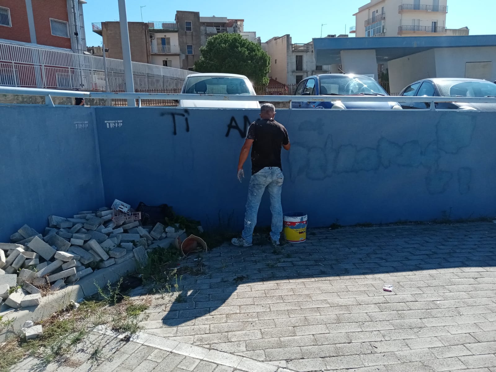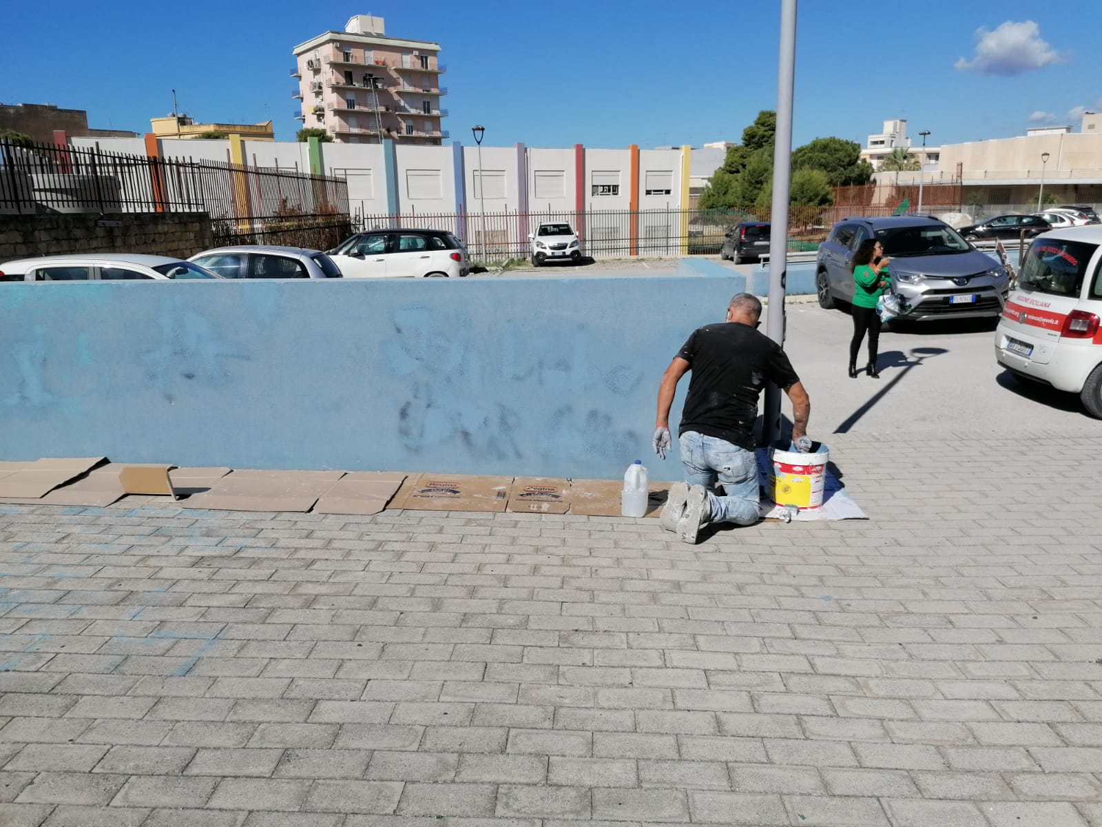 I volontari hanno così cancellato i segni del degrado in cui versa la zona per il parcheggio vicino anche a degli edifici scolastici.
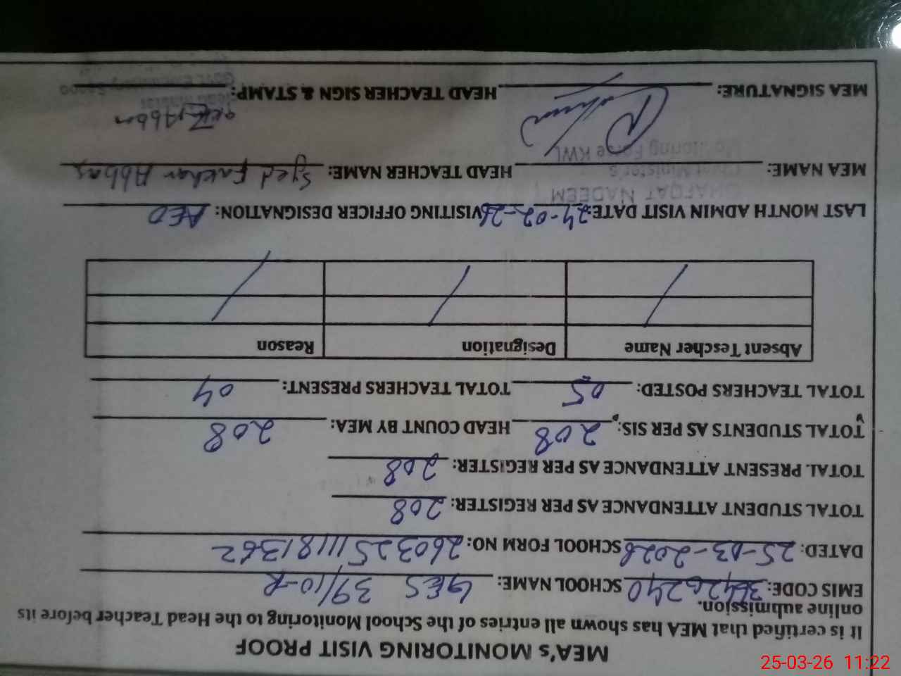 | Attendance Register | Head Teacher | MEA with School | Visit Proof |
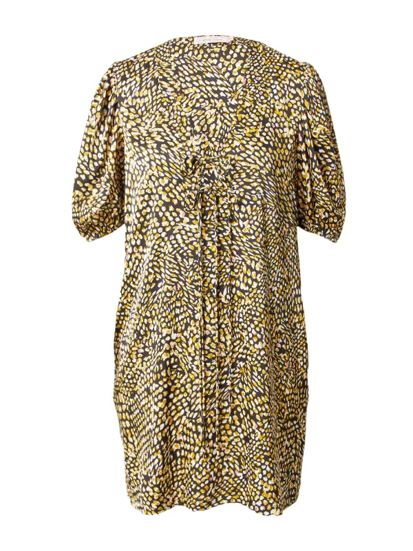 Traffic People Jurk ‘Blair’ mosterd / zwart / wit
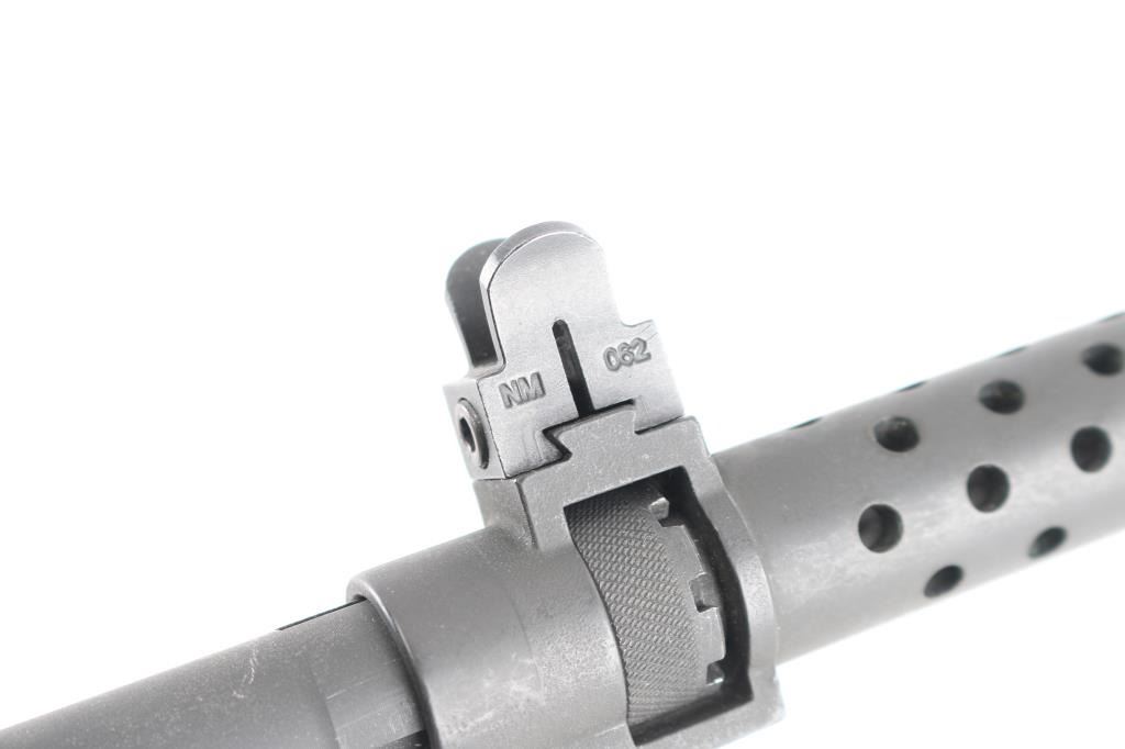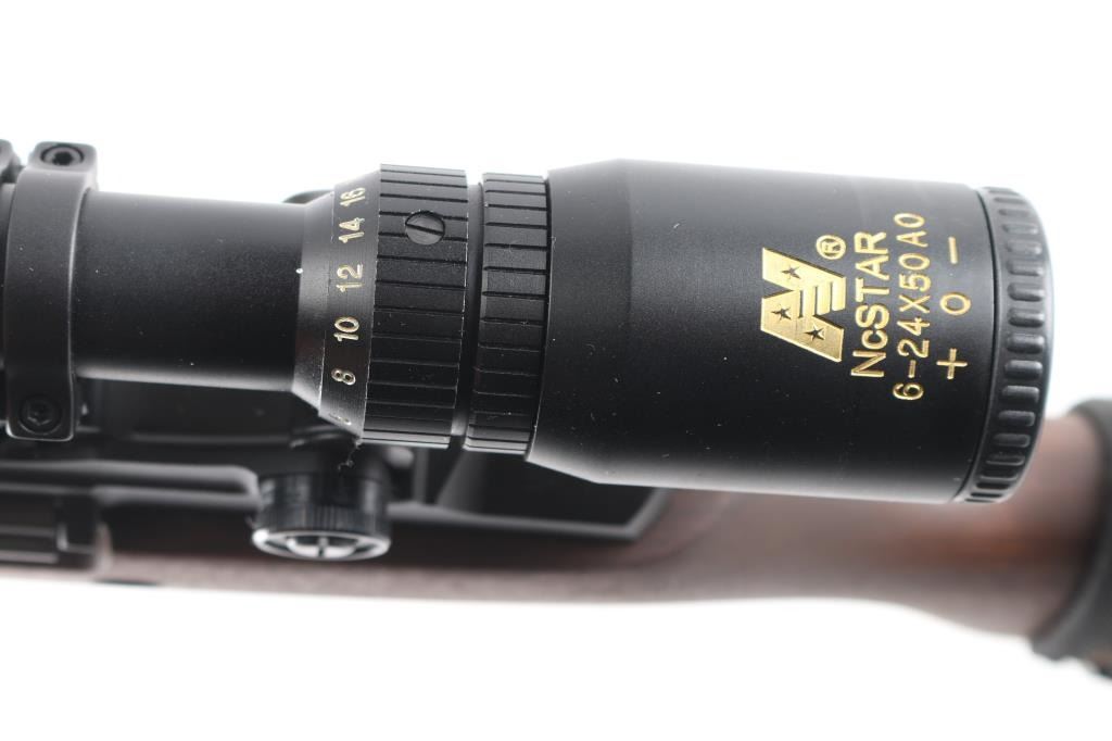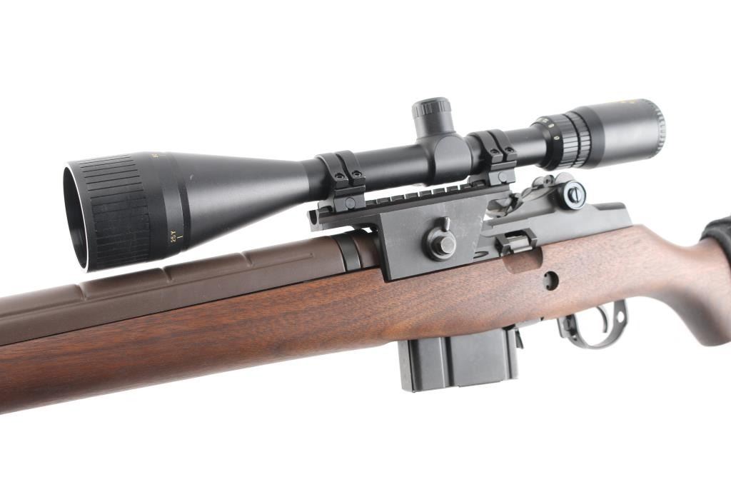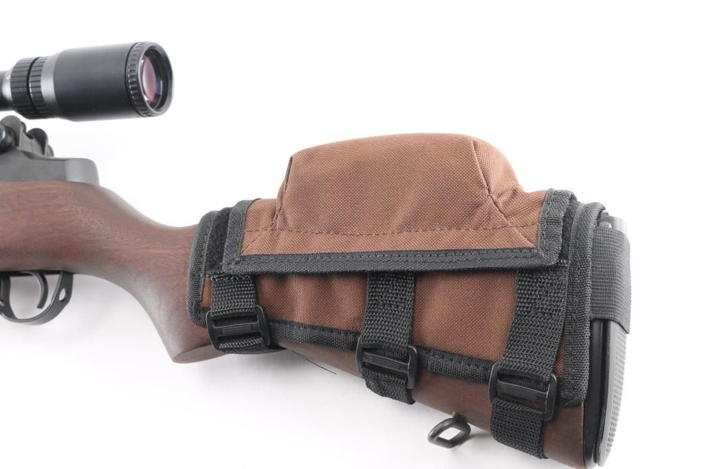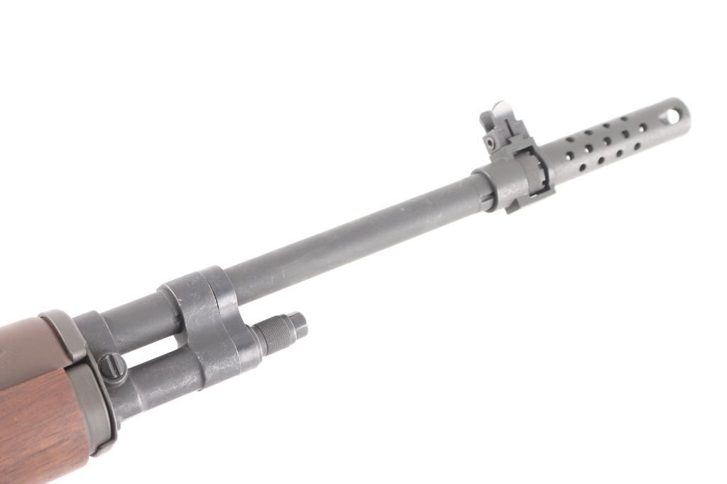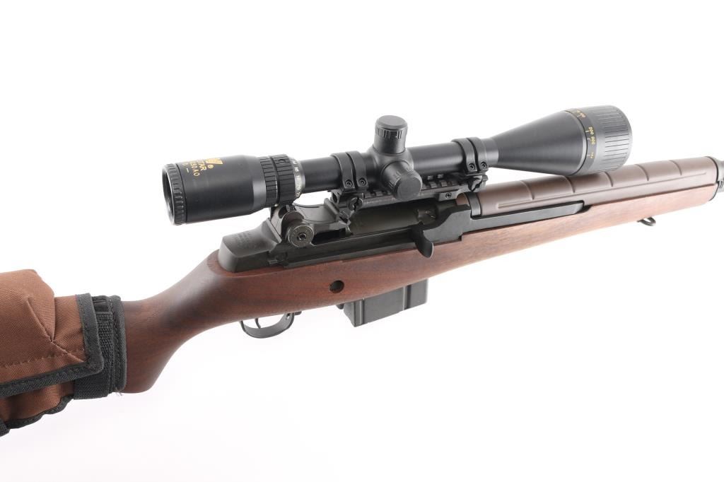 Semiautomatic rifle features parkerized finish, walnut stock with butt trap, brown fiberglass handguard, 22" barrel, flash hider, bayonet lug, blade front sight with protective ears, adjustable rear peep sight, sling swivels, manual safety, stripper clip guide on receiver, accepts detachable magazines. Buttplate has hinged cover over trap door. Mounted with a NcSTAR 6-24X50 AO scope on a Promag PM081 base, duplex reticle, clear optics, Tactical Buttstock Cheek Piece attached. Bore is excellent/bright. Retains 98% metal finish, with minor scratches and scuffs. Stock is excellent condition with handling marks. Fiberglass handguard is excellent condition. Includes (1) 10 rd magazine, (1) 5 rd magazine, both factory, M1907 USGI type tan leather sling, cleaning gear, documents, manuals, 2 different height cheek rests and factory cardboard box with matching label.Condition is NRA Excellent. Modern Firearm.
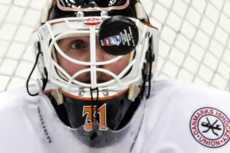 Dánsky brankár Simon Nielsen počas zápasu A-skupiny proti Česku na svetovom šampionáte v Rusku. Moskva, 15. máj 2016. Foto: SITA/AP
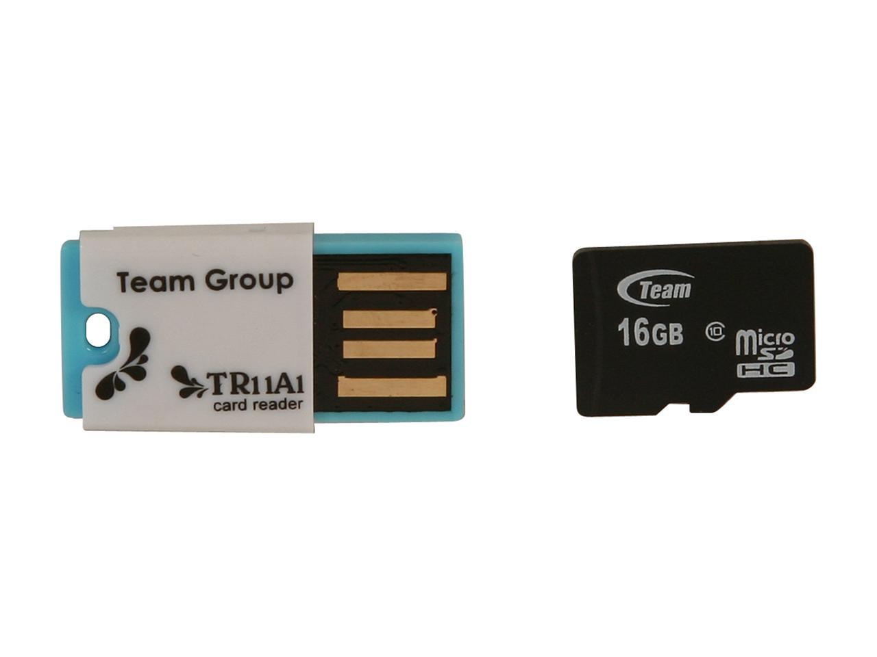 Team 16GB microSDHC Flash Card w/ USB2.0 Micro SD Card Reader TR11A1 Model TG016G0MC28C
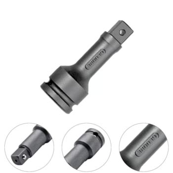 Aço-liga de alta resistência mecânica. Acabamento escurecido, ref. KB 1990-3" com acabamento fosfatizado. Para soquetes de impacto com encaixe quadrado 12,7 mm (1/2”), conforme DIN 3121, ISO 1174. Possui alojamento para utilização de pino e anel de segurança, a serem adquiridos à parte.
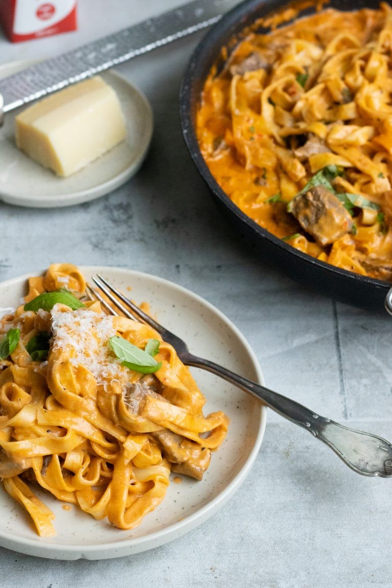 Cremet pastaret med flødesovs – en dejlig krydret en af slagsen og med skært oksekød og grøntsager.
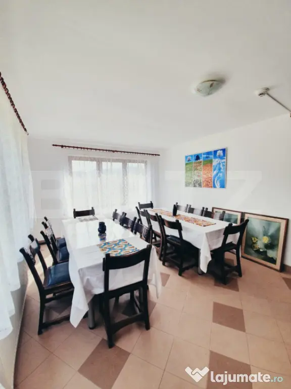 BLITZ oferă spre vânzare o proprietate generoasă cu 10 camere, pregătită parțial pentru a fi destinată îngrijirii persoanelor în nevoie, situată în Comuna Mociu. Casa prezintă un regim de înălțime D+P+M+Pod, cu un teren semnificativ aflat în proximitate.
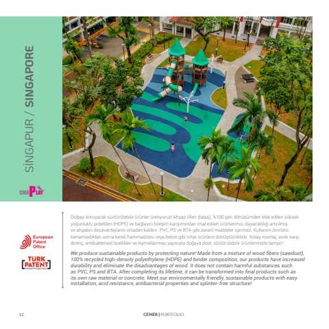 52 CEMER | PORTFOLIO S%u0130NGAPUR / SINGAPORECMR P LAYDo%u011fay%u0131 koruyarak s%u00fcrd%u00fcr%u00fclebilir %u00fcr%u00fcnler %u00fcretiyoruz! Ah%u015fap lifleri (tala%u015f), %100 geri d%u00f6n%u00fc%u015f%u00fcmden elde edilen y%u00fcksek yo%u011funluklu polietilen (HDPE) ve ba%u011flay%u0131c%u0131 bile%u015fim kar%u0131%u015f%u0131m%u0131ndan imal edilen %u00fcr%u00fcnlerimiz, dayan%u0131kl%u0131l%u0131%u011f%u0131 art%u0131r%u0131lm%u0131%u015f ve ah%u015fab%u0131n dezavantajlar%u0131n%u0131 ortadan kald%u0131r%u0131r. PVC, PS ve BTA gibi zararl%u0131 maddeler i%u00e7ermez. Kullan%u0131m %u00f6mr%u00fcn%u00fc tamamlad%u0131ktan sonra kendi hammaddesi veya beton gibi nihai %u00fcr%u00fcnlere d%u00f6n%u00fc%u015ft%u00fcr%u00fclebilir. Kolay montaj, asite kar%u015f%u0131 diren%u00e7, antibakteriyel %u00f6zellikler ve k%u0131ym%u0131klanmaz yap%u0131s%u0131yla do%u011faya dost, s%u00fcrd%u00fcr%u00fclebilir %u00fcr%u00fcnlerimizle tan%u0131%u015f%u0131n!We produce sustainable products by protecting nature! Made from a mixture of wood fibers (sawdust), 100% recycled high-density polyethylene (HDPE) and binder composition, our products have increased durability and eliminate the disadvantages of wood. It does not contain harmful substances such as PVC, PS and BTA. After completing its lifetime, it can be transformed into final products such as its own raw material or concrete. Meet our environmentally friendly, sustainable products with easy installation, acid resistance, antibacterial properties and splinter-free structure!

------------------------------------

▸ **EXERCISE**: Your task is to reproduce the entries above word for word, from the first line through the line with "Traffic People Jurk", and please leave out any pictures.

▸ **RESULT**:
 I volontari hanno così cancellato i segni del degrado in cui versa la zona per il parcheggio vicino anche a degli edifici scolastici.
 | Attendance Register | Head Teacher | MEA with School | Visit Proof |
 Traffic People Jurk ‘Blair’ mosterd / zwart / wit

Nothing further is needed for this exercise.